30. Por falta de inclinação da laje superior, as águas não são escoadas pelos tubos aí colocados, pelo que, para além de se infiltrarem no Prédio, acabam por escorrer a cair junto às portas de acesso àquele, o que provoca infiltrações, com aparecimento de manchas de bolor e de humidade.
31. As infiltrações e manchas de bolor referidas em 30. verificam-se com maior predominância nos cantos superiores e inferiores das paredes da lavandaria, no hall de entrada, na sala de estar, na parede da entrada para a cozinha, no quarto de dormir localizado no piso superior do Prédio e no tecto da casa de banho.
32. A Ré colocou os interruptores e as tomadas de electricidade atrás de portas e janelas, de modo que a abertura das mesmas impede o acesso e utilização àqueles.
33. Tal situação verifica-se na porta que dá acesso ao corredor principal do Prédio e nas portas de acesso aos quartos de dormir.
34. As lâmpadas colocadas no Prédio queimam com frequência, o que indicia a existência de anomalias no quadro eléctrico colocado pela Ré.
35. Os alumínios colocados nas janelas do Prédio, designadamente na sala de estar, pela Ré, têm borrachas estragadas, ferros pedreiros mal colocados e parafusos enferrujados.
36. As janelas colocadas pela Ré - nos quartos de dormir e na sala de estar do Prédio – estão a 20 cm dos respectivos tapa-sóis.
37. Na porta de acesso principal ao Prédio, a Ré não realizou qualquer rasgo que permita o escoamento de águas, de modo que se verificam infiltrações para o interior do mesmo.
38. Na porta de acesso à cozinha do Prédio não existe soleira, deixando um buraco por baixo da mesma, o que permite a entrada de insectos, ratos e lagartixas para o interior do Prédio, que acabam por se introduzir nas restantes divisões do mesmo.
39. O vidro do poliban colocado pela Ré na casa de banho partiu cerca de seis meses após a sua colocação, por deficiente selagem nas borrachas do vidro.
40. A torneira do duche da casa de banho enferrujou menos de um ano após a sua colocação.
41. São vários os azulejos da casa de banho que se encontram partidos.
42. As armações das luzes do espelho da casa de banho apresentam sinais de ferrugem.
43. A Ré colocou o armário da casa de banho tão junto da porta de acesso à mesma, que dificulta e condiciona o acesso à casa de banho, designadamente se alguém estiver a utilizar o lavabo da mesma.
44. As paredes interiores do Prédio ainda apresentam sinais de existência de areia grossa.
45. A Ré deixou de executar qualquer trabalho no prédio no início do mês de Dezembro de 2010.
46. A Autora suspendeu os pagamentos que vinha realizando à Ré por conta do valor orçamentado, sendo que em 10 de Dezembro de 2012, o valor do orçamento cujo pagamento estava em falta ascendia à quantia de € 2.480,00 (dois mil quatrocentos e oitenta euros).
47. A Autora é pessoa de parcos recursos financeiros.
48. A Autora já não confia no trabalho, competência e profissionalismo da Ré, bem como das pessoas ao seu serviço.
49. De momento, a Autora pretende a reparação dos defeitos e desconformidades que se mostrem mais prementes, designadamente de modo a evitar as infiltrações de águas, a entrada de animais e insectos para o interior do Prédio, bem como a obstar às anomalias apontadas ao quadro eléctrico do Prédio.

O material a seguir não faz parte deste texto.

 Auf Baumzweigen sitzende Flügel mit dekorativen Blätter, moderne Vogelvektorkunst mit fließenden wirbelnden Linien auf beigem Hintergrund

50. A Autora pretende a construção de um beiral em volta de todo o Prédio, o revestimento de toda a laje superior do mesmo, incluindo o seu isolamento interior e exterior, a reparação de todas as fissuras existentes nas paredes interiores e exteriores, incluindo mediante a aplicação de massa estuque, a raspagem do pavimento interior, a reparação do quadro eléctrico, a colocação de soleiras nas portas e a pintura do Prédio.
51. A estimativa orçamental para as obras descritas em 49. e 50. é de um valor nunca inferior a € 10.710,00 (dez mil setecentos e dez euros), acrescido de IVA à taxa legal devida.

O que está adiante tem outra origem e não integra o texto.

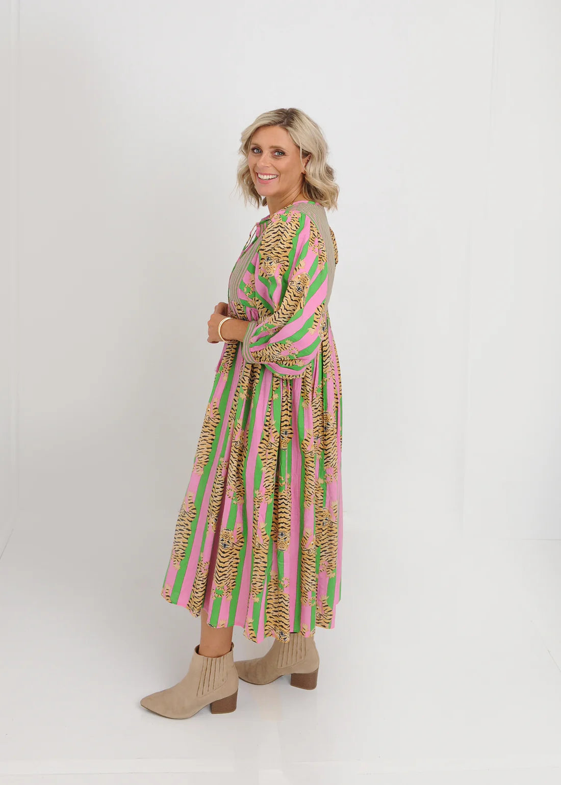 Unleash your wild side with this striking Tiger Print Cotton Dress. Crafted from breathable, lightweight cotton, this dress is perfect for making a bold style statement. The relaxed silhouette offers comfort and ease of movement, while the eye-catching tiger print adds a touch of fierce glamour. Whether you're heading to a casual brunch or an afternoon by the beach, this dress brings effortless chic with a playful edge.

52. Durante a execução dos trabalhos por parte da Ré, a Autora residiu, temporariamente, em casa de familiares.
53. Os defeitos/anomalias descritas em 28., 29., 30., 31., 34., 35., 39., 40., 41. e 42 não se verificavam aquando do regresso da Autora ao Prédio.
54. Cerca de um ano depois da saída da Ré, a Autora comunicou e denunciou os defeitos descritos em 28. a 43. à Ré, tendo esta tentado resolver o problema do pavimento interior que soltava areia, colocando um hidrofugante e a entrada de água pela porta principal, fazendo uma soleira em betão na porta de acesso principal ao Prédio e avisando a Autora que a mesma era provisória, advertindo-a ainda que seria necessário colocar uma soleira na porta da cozinha, negando qualquer responsabilidade quanto ao demais.
55. Por missiva enviada à Ré a 6 de Março de 2013, que a recebeu, a Autora voltou a invocar a existência de defeitos na obra, tendo a Ré se deslocado ao Prédio, sem no entanto lá voltar.
56. A Autora é pessoa séria, idónea, trabalhadora e honesta.
57. A Autora ficou ansiosa e nervosa com a conduta omissiva da Ré, bem como preocupada com o desfecho do presente processo.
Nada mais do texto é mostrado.